There are two things to consider regarding curse of dimensionality,  on one hand machine learning excels at analyzing data with many dimensions. Humans are not good at finding patterns that may spread across so many dimensions,  especially if those dimensions are interrelated in counter intuitive ways. On the other hand , as we add more dimensions we also increase the processing power we need to analyze the data,  and we also increase the amount of training data required to make meaningful models.

Hughes Phenomena 

Hughes phenomena shows that as number of features increases, classifiers performance increases as well until we reach the optimal number of features.  Adding more features based on the same size as the training set will then degrade the classifiers performance. 

Curse of dimensionality in distance function

An increase in the number of dimensions of a datasets means there are more entries in the vector of features that represent each observation in the corresponding Euclidean space. In other words as the number of features grows for a given number of observations,  the feature space becomes increasingly sparse; that is less dense or emptier. On the flip side, the lower data density requires more observations to keep average distance between the data points the same.

When the distance between observation grows supervised machine learning becomes more difficult because predictions for new samples are less likely to be based on learning from similar training features.

Over fitting and Under fitting

In curse of dimensionality even the closest neighbor can appear to being far away in a high dimensional space to give a good estimate. Regularization is one way to avoid over fitting. We can sometimes use feature selection and dimensionality reduction techniques to help us avoid the curse of dimensionality. Over fitting occurs when a model starts to memorize the aspects of the training set and in turn loses the ability to generalize.

Ex:-As our training data is not good enough we risk producing a model that could be very good at predicting the target class on the training datasets that may fail miserably when faced with new data.

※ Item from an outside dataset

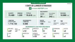 I nuovi casi in Lombardia sono stati 109 di cui 17 ‘debolmente positivi’ e 10 a seguito di test sierologico, a fronte di 9.088 tamponi effettuati per un rapporto dell’1,19%. Si sono registrati 6 nuovi decessi. I nuovi guariti/dimessi da domenica sono stati 24, le persone in terapia intensiva sono 26 (+1). Sono 242 i pazienti attualmente ricoverati non in terapia intensiva (-6 ). Da inizio pandemia sono stati eseguiti 1.716.130 tamponi.

That is our model, doesn't have the generalization power.

To avoid overfitting is to preference  simple methods, hypothesis with fewest assumptions must be selected.

If we keep our model simple we must avoid overfitting but if we keep it simpler we may risk of suffering from undercutting. It arises when our model has such low representation power that it cannot model the data even if we had all the training data we want. A model undercuts when it fails to capture the pattern in the data. It suffers high bias.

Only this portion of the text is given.